Type of vehicle insurance

Guaranteed Asset Protection (GAP) insurance (also known as GAPS) is a type of car insurance in the North American financial industry. GAP insurance protects the borrower if the car is written off or totalled by paying the remaining difference between the actual cash value of a vehicle and the balance still owed on the financing. GAP coverage is mainly used on new and used small vehicles (cars and trucks) and heavy trucks. Some financing companies and lease contracts require it.

GAP insurance covers the amount on a loan that is the difference between the amount owed and the amount covered by another insurance policy. Some GAP policies also cover the deductible. This coverage is marketed for low down payment loans, high interest rate loans and loans with 60 month or longer terms. GAP insurance is typically offered by a finance company at time of purchase. Most auto insurance companies offer this coverage to consumers. GAP insurance is often paid upfront and the purchaser is usually entitled to a refund of the unused portion of the premium if the vehicle is sold or refinanced before the end of the loan term.

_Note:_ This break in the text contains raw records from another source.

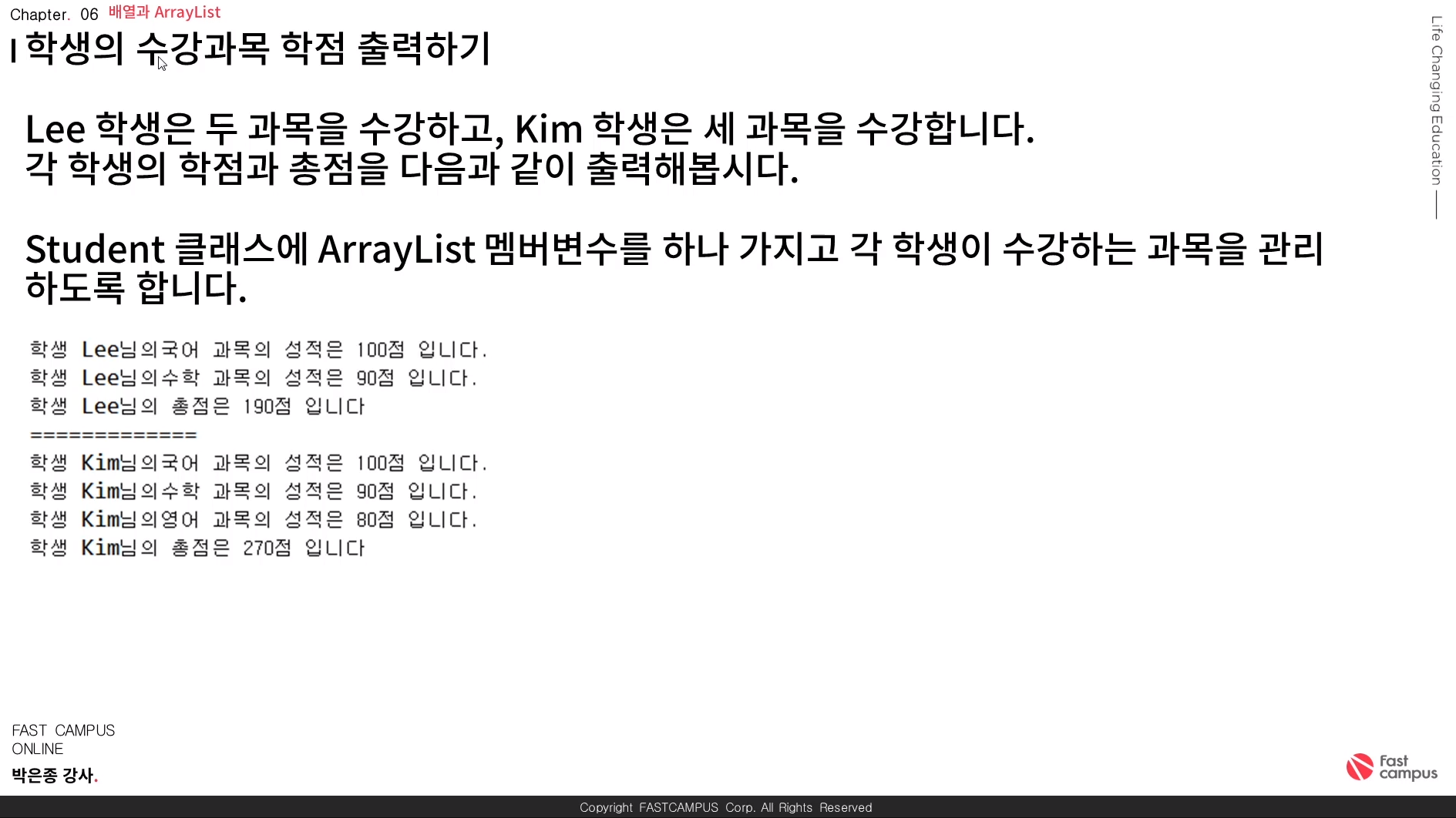 ArrayList list = new ArrayList();//타입 미설정 Object로 선언된다. ArrayList<Student> members = new ArrayList<Student>();//타입설정 Student객체만 사용가능 ArrayList<Integer> num = new ArrayList<Integer>();//타입설정 int타입만 사용가능 ArrayList<Integer> num2 = new ArrayList<>();//new에서 타입 파라미터 생략가능 ArrayList<Integer> num3 = new ArrayList<Integer>(10);//초기 용량(capacity)지정 ArrayList<Integer> list2 = new ArrayList<Integer>(Arrays.asList(1,2,3));//생성시 값추가
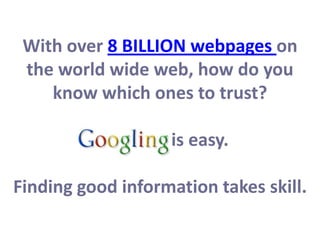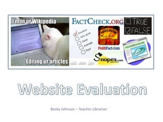 The document provides guidance on evaluating websites for research purposes. It discusses checking the domain name to determine the sponsor's reliability. Key questions to consider include the 5 Ws: who wrote it, what is the purpose/content, when was it created/updated, where did the information come from, and why should it be trusted. Additionally, the appearance and functionality of the site should be examined to ensure it is professional, loads quickly, and is easy to navigate. The example shows a student evaluating two dragonfly websites, determining that the .edu site "Dragonflies of Kentucky" would be best for a research project due to more complete information and affiliation with an educational institution.
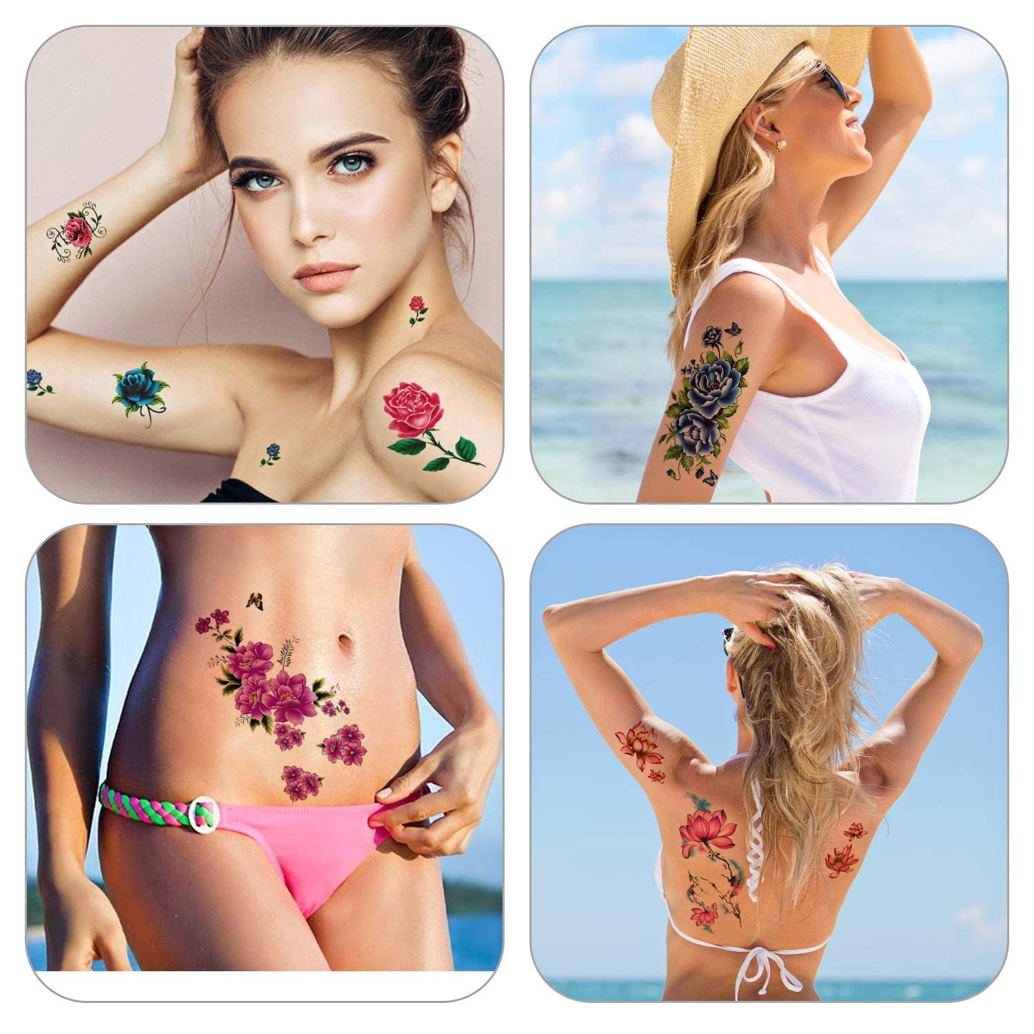 24 pieces Women Temporary Tattoos Large Flowers , Bright Colored Fake Tattoo...

There are two ways of getting GAP coverage. The first type is an insurance policy sold by a broker. The second type is a waiver agreement sold by a Finance & Insurance Manager. The first is regulated by the insurance industry, the second is unregulated. In either case coverage is usually the same and sold as a soft product through the car dealership. Coverage is usually financed along with the lease/loan. Claims are subject to a total loss. The total loss is usually determined by the primary insurance company’s third-party appraiser.

Exclusions to GAP insurance vary by country or state. Some exclusions include a maximum loss limit of $50,000 while others require a loan term of less than 84 months. GAP is an optional purchase, but many states in the US require that a car dealership offer GAP at the point of purchase. Other states require insurers to offer GAP if a client requests it. States such as Louisiana require that the purchaser sign a disclosure document as proof. Although GAP is optional, some finance companies require GAP as a condition to obtaining a loan. The Truth in Lending Act excludes GAP premiums from financial charges if GAP was not required by the creditor, the premiums were disclosed in writing, and the consumer provides a written request for the insurance.